Re: [ADVANCED-DOTNET] Transparent Persistence

Frans Bouma Sat, 14 Feb 2004 05:28:04 -0800

> >         Whoa, who's the one who doesn't understand what system
design 
> > is all about? :-S
> 
> Ouch. That hurts. It really does. But---fortunately---you 
> misunderstood me. ;)


        Hmmm, what I read in your statement was not that vague and I
have the feeling I understood you quite well.

> Modeling is hard. But let's assume that we've managed to do a 
> good job here and that we came up with a very good model for 
> a specific domain.
> Furthermore, let's assume that we've used Halpin's ORM, with 
> which I'm quite familiar actually ;).

        good! :) 

> From this model, we come up with a) an object-model design 
> for our application layer, and b) a relational-database 
> schema for our data layer.
> These are really two distict tasks! Consider for example how 
> many-to-many relationships are modelled in database schemas: 
> we need auxilliary tables there. Well, there will be no such 
> things as auxilliary classes in our application-layer object 
> model. So, our basic model is still good, but different 
> layers need different incarnations of it.

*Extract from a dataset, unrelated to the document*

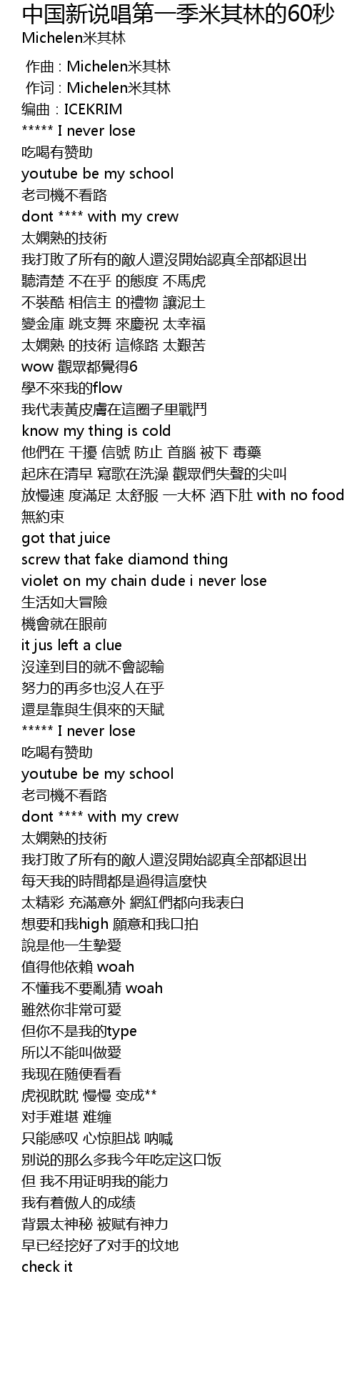 | [00:00.643] | zuò cí : Michelen mǐ qí lín |

        As I also replied to Jeff, this is not a correct conclusion.
Order - Product is an m:n relationship however the intermediate table,
OrderRow is in fact a relation, an objectified relationship. (relation
vs. relationship, in Dutch / German we use the same word for these,
which is a source for a lot of misunderstandings, I make this mistake a
lot too, I think even in this email :D) 

        There are of course m:n relationships which are not objectified.
These result in entities which are not considered an entity (but by
definition they are). Let's say you write code with this setup. You then
have some m:n relationships which have an intermediate table which is
seen as an entity, and other m:n relationships which are not seen as an
entity. 

        Let's go through a simple example. Employees and Departments.
Say these have an m:n relationship so employees can work in multiple
departments (they really work hard :)). We then need an intermediate
table, which is not really an entity, and this is DepartmentEmployees. 

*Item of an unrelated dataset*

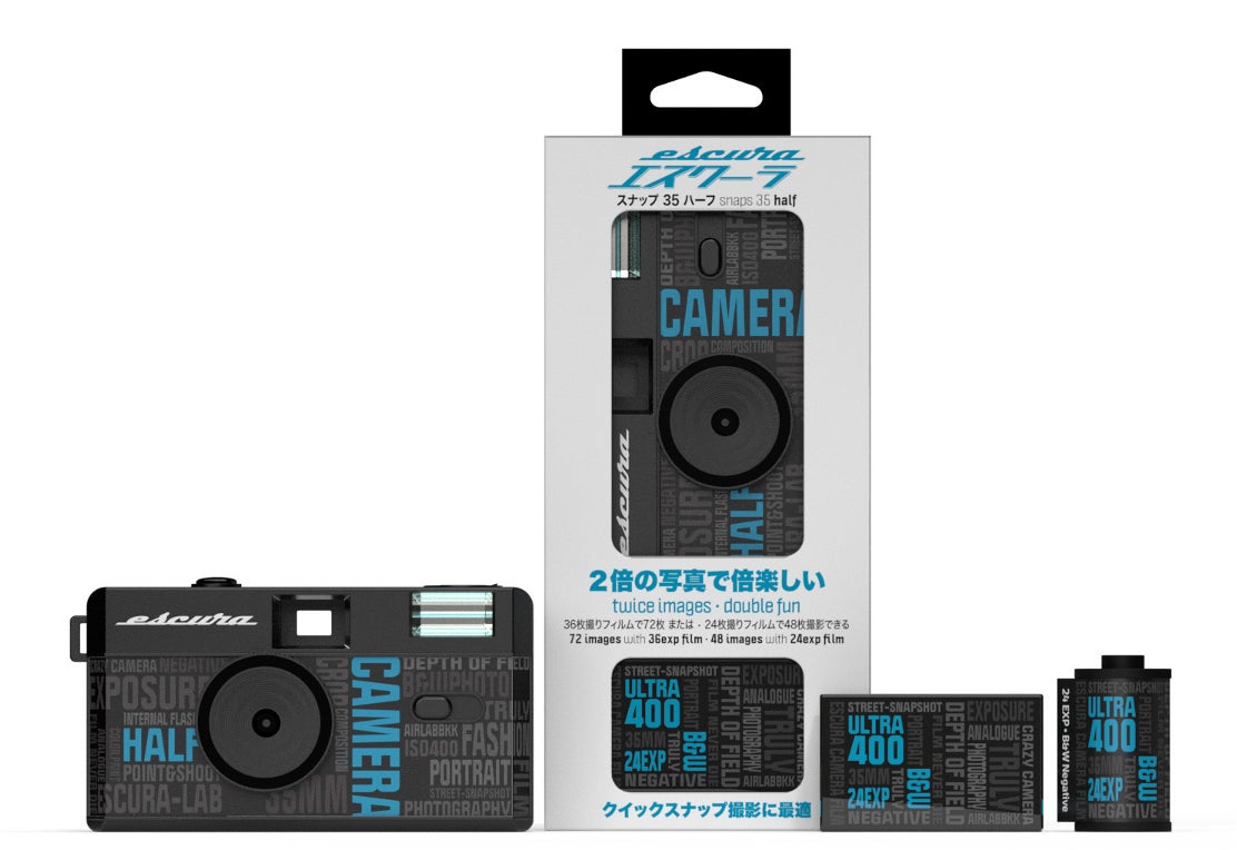 “2枚1セット”のストーリー溢れるレトロな写真が撮れるフィルムカメラ「Escura snaps 35 half (エスキュラスナップ35ハーフ)」

        In our code, when we want to add an employee to a department, we
do this (pseudocode)

// create new empty employee entity object
EmployeeEntity newEmployee = new EmployeeEntity();
// fill in properties of this employee
myDepartment.Employees.Add(newEmployee);
// save the department and with that the employee, in 1 transaction
myDepartment.Save();

        Nice code, tiny, clean. 

        Now, the manager thinks he needs to know when each employee
started at which department. To model this correctly, you have to
objectify the department-employee relationship into a relation, and add
a non-pk, mandatory attribute 'StartDate'. 

        Now, go back to the codesnippet I just posted. It definitely
will not work, you need to add StartDate as well, as it is mandatory.
You also can't add the employee directly to Employees in the department
object, as it is related via a 3rd entity, so to reach the department
from an enmployee, the developer has to do something like:
myEmployee.DepartmentEmployees[index].Department

        This example is still obvious, as StartDate is mandatory. But
lets say it is first NON mandatory at first. You can keep the code as it
is posted first, because StartDate then will be simply NULL. However
when StartDate becomes mandatory, you have to alter the code as it will
throw a 'cant be null'-exception or similar for the StartDate field.

        What does this mean? Well, you have to know EXACTLY which non-pk
fields in an objectified relation are mandatory and which are not.
Instead of moving away from the database you move closer to the
database. It also introduces inconsistency: some m:n relationships have
to be treated this way, others in a total different way. 

        You can avoid this, by declaring m:n relations read-only and
always recognize intermediate entities. This greatly degrades complexity
of the code, as it doesn't require you to know when you can do
Employees.Add(newEmployee) and when you can't, it is ALWAYS the same. 

        You are of course fully entitled to write complex software,
however I've learned during the years that when you spend a little more
time on how to make things simpler instead of to make things more
complex, the application will be more maintainable and easier to build. 

> No problem so far: nothing but 'good design'. Over to 'bad design' ...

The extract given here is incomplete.